Established and emerging trends in AMD management

Higher doses of aflibercept (8mg) are being evaluated in the Pulsar and Candela trials. It is important to note the higher doses are more concentrated without an increase in volume. The Pulsar study (industry sponsored) showed 8mg dosing was safe and had longer duration of effect, with 79% (n=316) able to maintain 12-weekly treatment intervals and 77% (n=312) 16-weekly intervals⁵. The phase 2 results of Candela have not shown statistically significant anatomical improvements compared to the 2mg dose at week 16, but safety profiles were similar for the two doses⁶.
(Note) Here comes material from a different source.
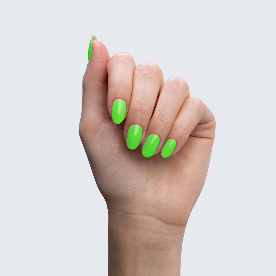 Neon green. Bright. Cool undertone. Medium opacity (slightly translucent).

Brolucizumab (Beovu) is another nAMD treatment and is an antibody fragment targeted against VEGF-A. It is approved by Australia’s Therapeutic Goods Administration and the US Food and Drug Administration, with phase 3 clinical trials showing non-inferiority to aflibercept with reduced injection frequency and better anatomical outcomes (Hawk and Harrier studies)⁷. However, post-hoc studies showed a higher than expected incidence of intraocular inflammation, including cases of severe uveitis and retinal vasculitis, which led to early termination of three further studies. Further real-world data on this will be useful. Currently brolucizumab, faricimab and high-dose aflibercept are all unfunded in New Zealand and are not Medsafe listed.

Other agents to be aware of are ‘biosimilars’. These contain the same therapeutic agent as the original drug but often use a different delivery vehicle, meaning they won’t necessarily have an equivalent therapeutic or side-effect profile. For example, they may have different osmolarity, which would result in different risks of inflammation. These drugs have the potential to be cost-saving if their efficacy and safety is proven. Ziv-aflibercept (Zaltrap), for example, is used by many retinal doctors in New Zealand in cases where Eylea is not funded, as with macular oedema due to vascular occlusions.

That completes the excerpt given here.